In the entries that follow, locate the line with "KaSi美甲粘钻胶硬式 封层啫喱超牢固持久镶钻饰品指甲加固光疗专用", then restate that line and all later lines exactly as they appear, leaving pictures out.

Source data
[Start of Attachment]

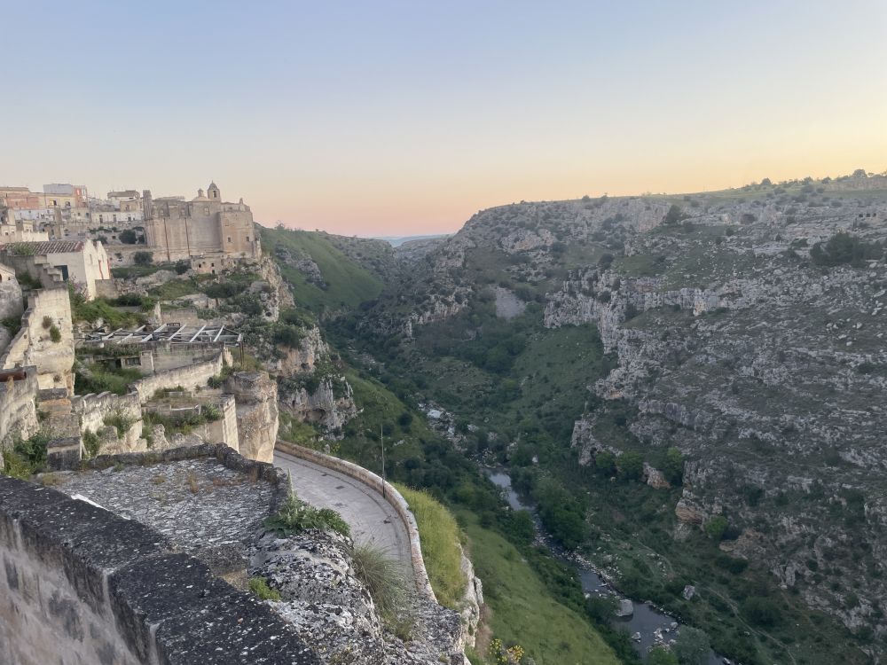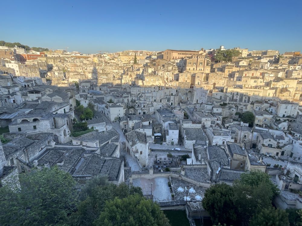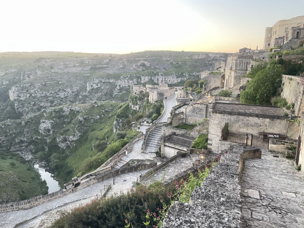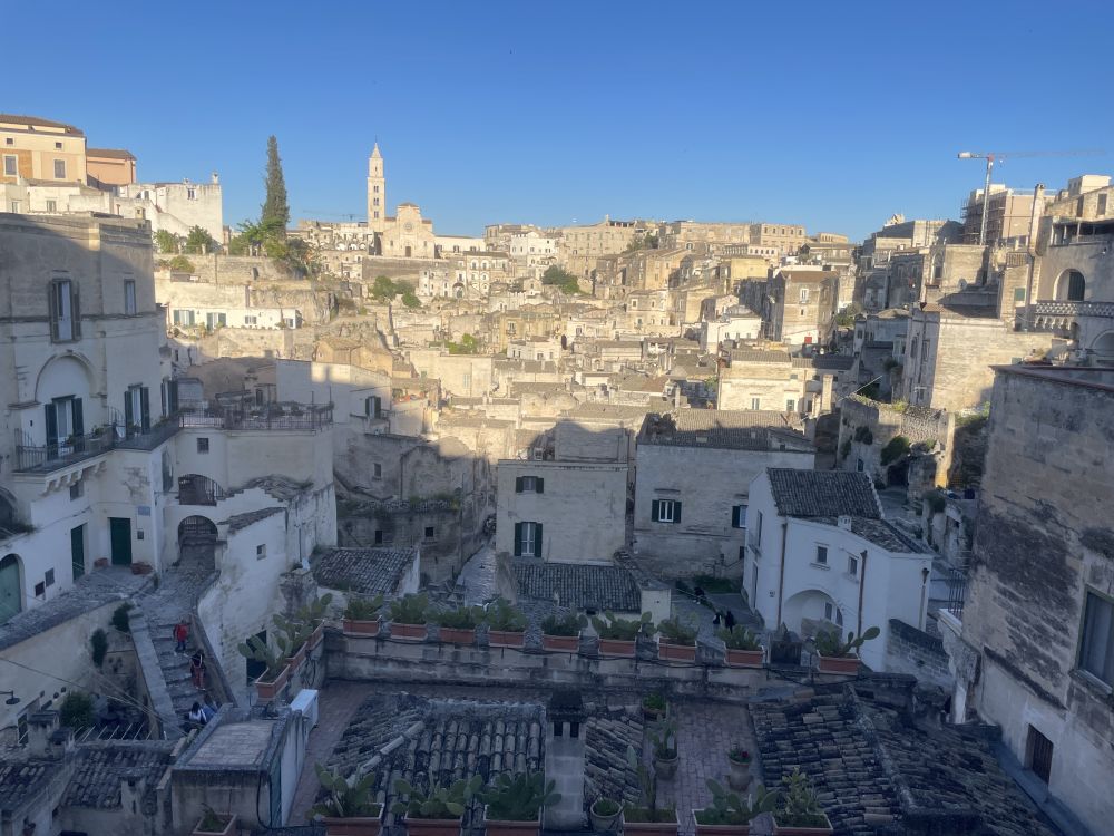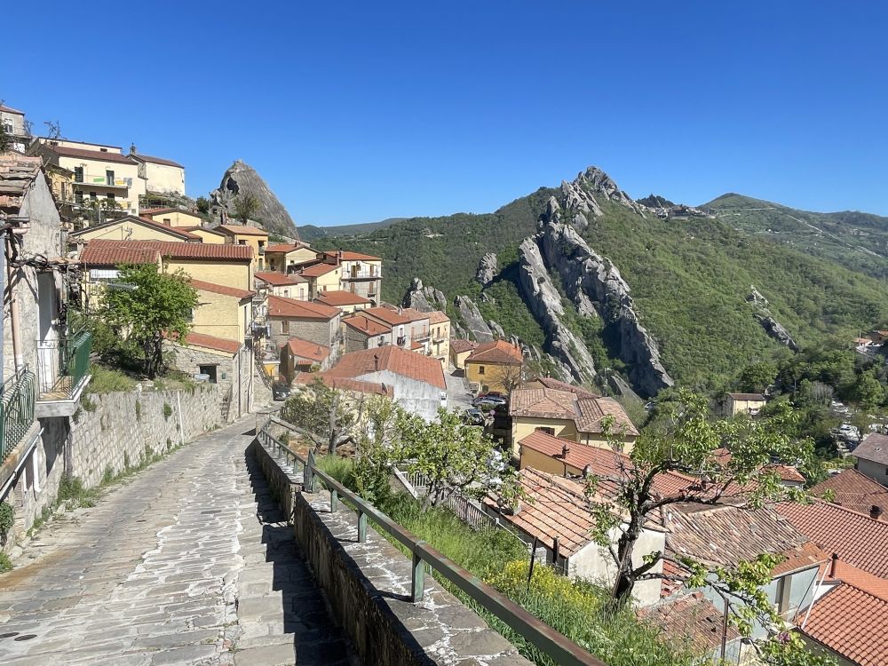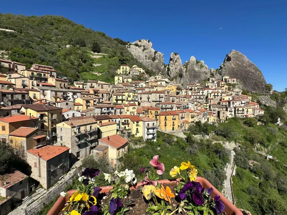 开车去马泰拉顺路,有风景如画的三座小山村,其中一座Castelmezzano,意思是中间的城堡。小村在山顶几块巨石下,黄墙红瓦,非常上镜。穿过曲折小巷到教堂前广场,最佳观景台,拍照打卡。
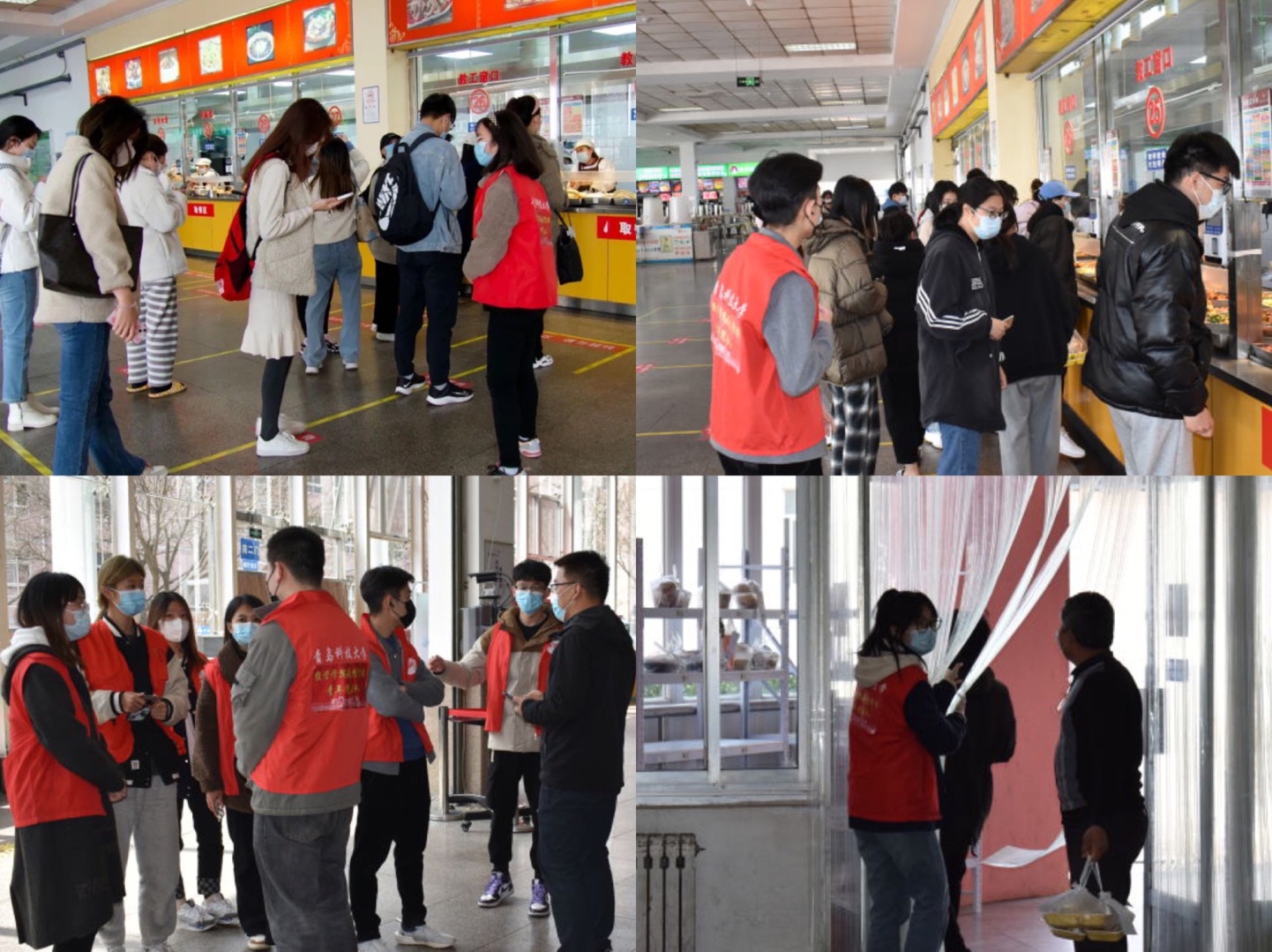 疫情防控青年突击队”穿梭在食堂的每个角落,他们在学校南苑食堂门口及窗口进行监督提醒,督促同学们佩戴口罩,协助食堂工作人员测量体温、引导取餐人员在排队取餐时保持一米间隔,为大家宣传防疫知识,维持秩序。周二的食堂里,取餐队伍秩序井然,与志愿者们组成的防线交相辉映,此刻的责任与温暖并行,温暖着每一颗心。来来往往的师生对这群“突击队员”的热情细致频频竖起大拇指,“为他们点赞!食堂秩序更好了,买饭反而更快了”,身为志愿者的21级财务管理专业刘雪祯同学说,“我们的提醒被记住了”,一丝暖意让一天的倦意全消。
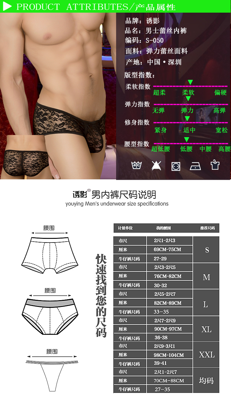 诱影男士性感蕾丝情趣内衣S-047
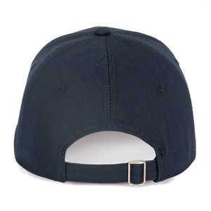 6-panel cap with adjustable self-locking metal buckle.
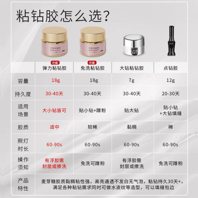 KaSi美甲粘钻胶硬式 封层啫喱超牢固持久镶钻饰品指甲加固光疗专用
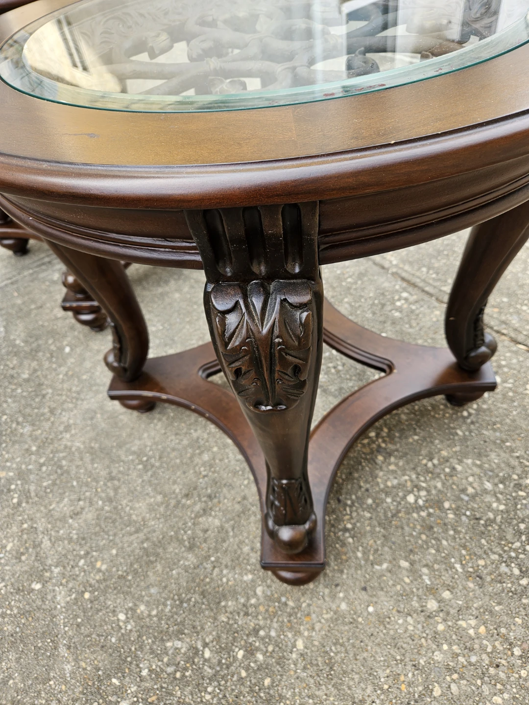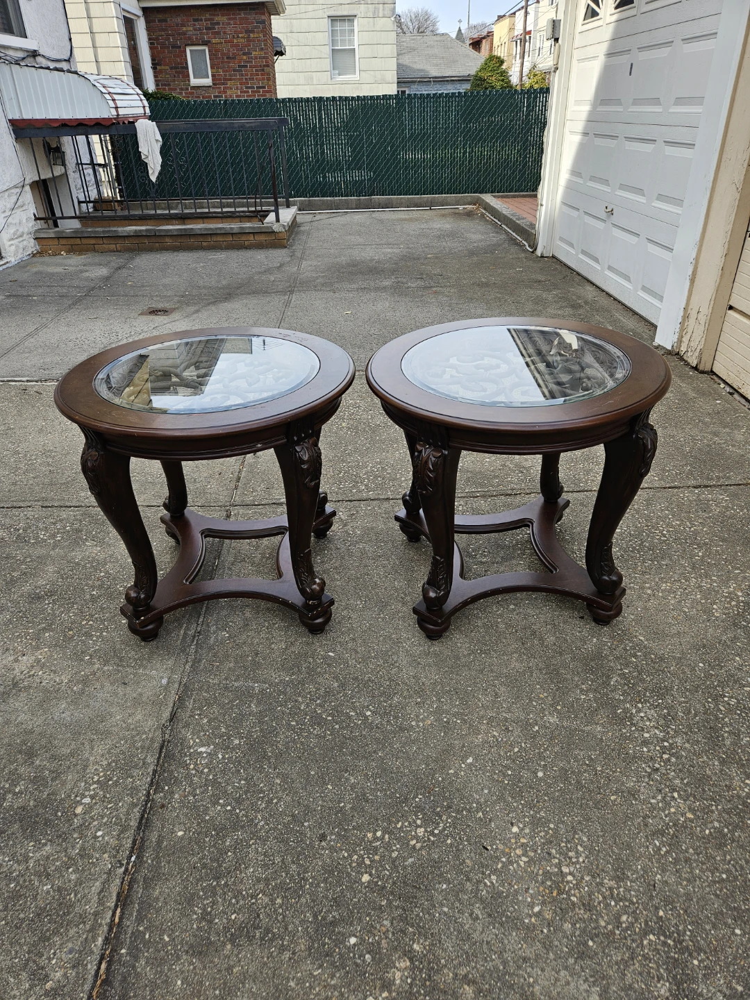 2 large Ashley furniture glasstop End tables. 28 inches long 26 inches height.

[End of Attachment]

## [Result of the task]
 KaSi美甲粘钻胶硬式 封层啫喱超牢固持久镶钻饰品指甲加固光疗专用
 2 large Ashley furniture glasstop End tables. 28 inches long 26 inches height.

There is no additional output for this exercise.